_What the exercise asks_. When you reach the line containing "红旗猎猎,国旗迎风,在激昂的", start transcribing exactly and continue through the last line of the data, skipping every picture.

_Provided data_.
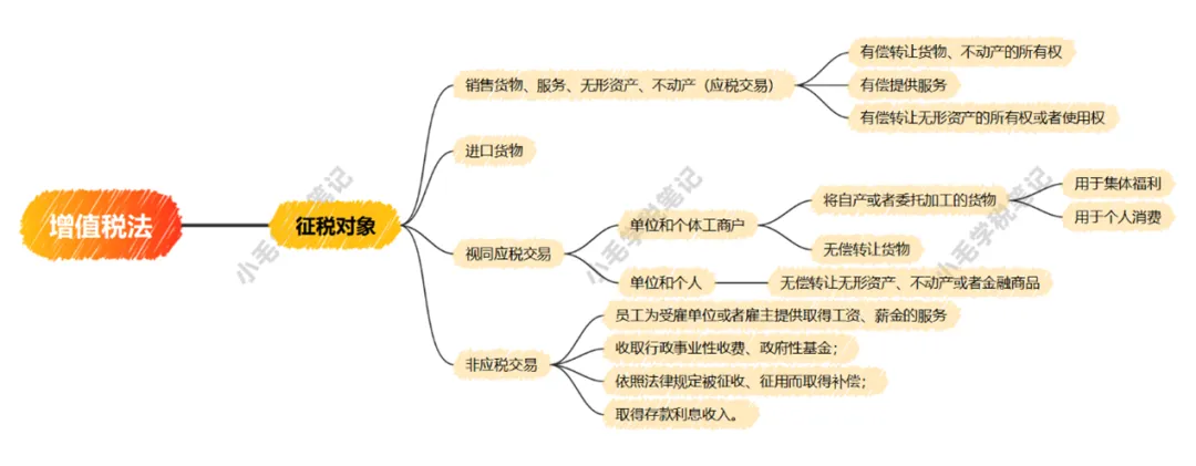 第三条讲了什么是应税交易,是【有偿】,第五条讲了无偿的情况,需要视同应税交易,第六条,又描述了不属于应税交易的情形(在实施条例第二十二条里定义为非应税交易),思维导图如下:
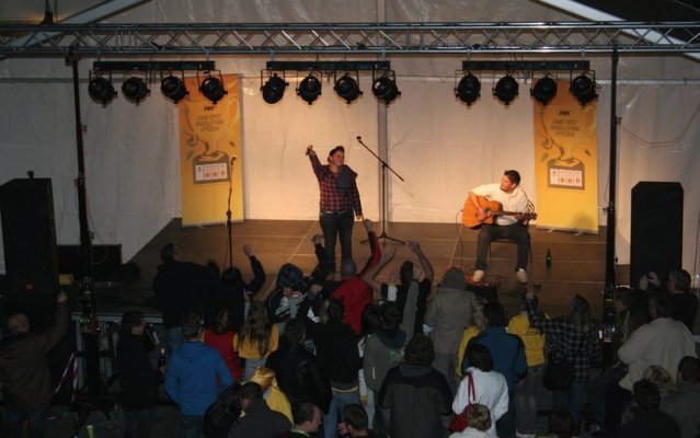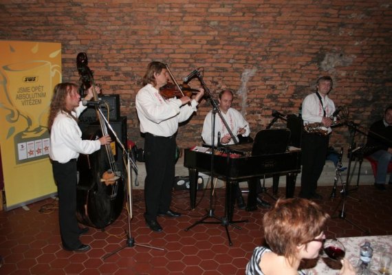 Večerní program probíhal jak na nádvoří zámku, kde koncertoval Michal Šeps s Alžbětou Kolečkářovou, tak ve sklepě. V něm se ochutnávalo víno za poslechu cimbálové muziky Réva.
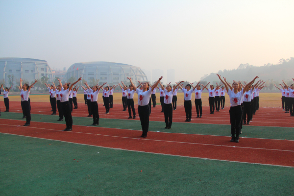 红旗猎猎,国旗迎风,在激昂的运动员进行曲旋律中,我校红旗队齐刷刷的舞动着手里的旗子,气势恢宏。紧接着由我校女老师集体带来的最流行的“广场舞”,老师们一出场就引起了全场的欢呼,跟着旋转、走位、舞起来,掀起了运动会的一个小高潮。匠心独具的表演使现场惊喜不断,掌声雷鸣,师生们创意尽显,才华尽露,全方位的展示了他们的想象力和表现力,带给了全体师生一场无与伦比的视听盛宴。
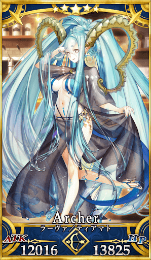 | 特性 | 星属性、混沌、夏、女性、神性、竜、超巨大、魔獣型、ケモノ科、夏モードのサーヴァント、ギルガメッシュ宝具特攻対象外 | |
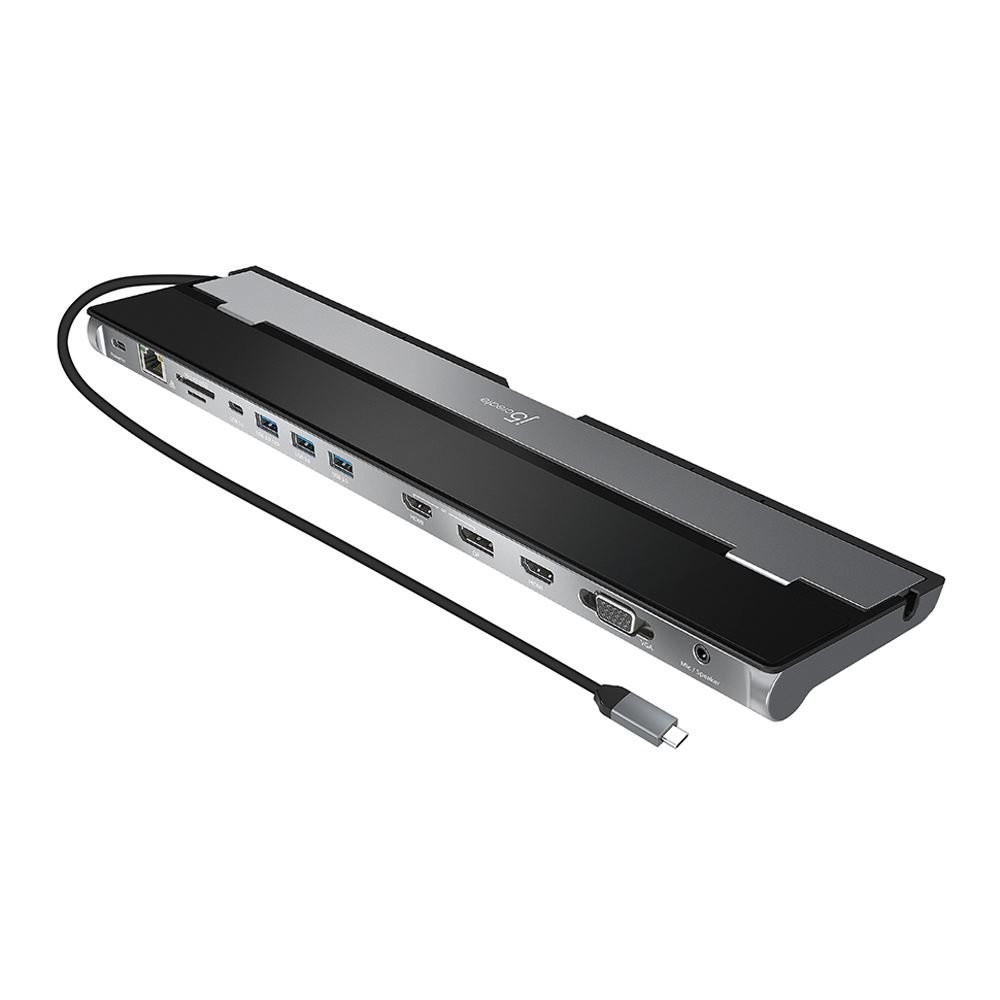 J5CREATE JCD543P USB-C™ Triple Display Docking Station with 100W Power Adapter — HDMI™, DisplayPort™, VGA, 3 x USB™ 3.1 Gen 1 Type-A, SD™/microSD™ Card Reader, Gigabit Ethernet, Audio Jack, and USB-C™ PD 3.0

_The answer_.
 红旗猎猎,国旗迎风,在激昂的运动员进行曲旋律中,我校红旗队齐刷刷的舞动着手里的旗子,气势恢宏。紧接着由我校女老师集体带来的最流行的“广场舞”,老师们一出场就引起了全场的欢呼,跟着旋转、走位、舞起来,掀起了运动会的一个小高潮。匠心独具的表演使现场惊喜不断,掌声雷鸣,师生们创意尽显,才华尽露,全方位的展示了他们的想象力和表现力,带给了全体师生一场无与伦比的视听盛宴。
 | 特性 | 星属性、混沌、夏、女性、神性、竜、超巨大、魔獣型、ケモノ科、夏モードのサーヴァント、ギルガメッシュ宝具特攻対象外 | |
 J5CREATE JCD543P USB-C™ Triple Display Docking Station with 100W Power Adapter — HDMI™, DisplayPort™, VGA, 3 x USB™ 3.1 Gen 1 Type-A, SD™/microSD™ Card Reader, Gigabit Ethernet, Audio Jack, and USB-C™ PD 3.0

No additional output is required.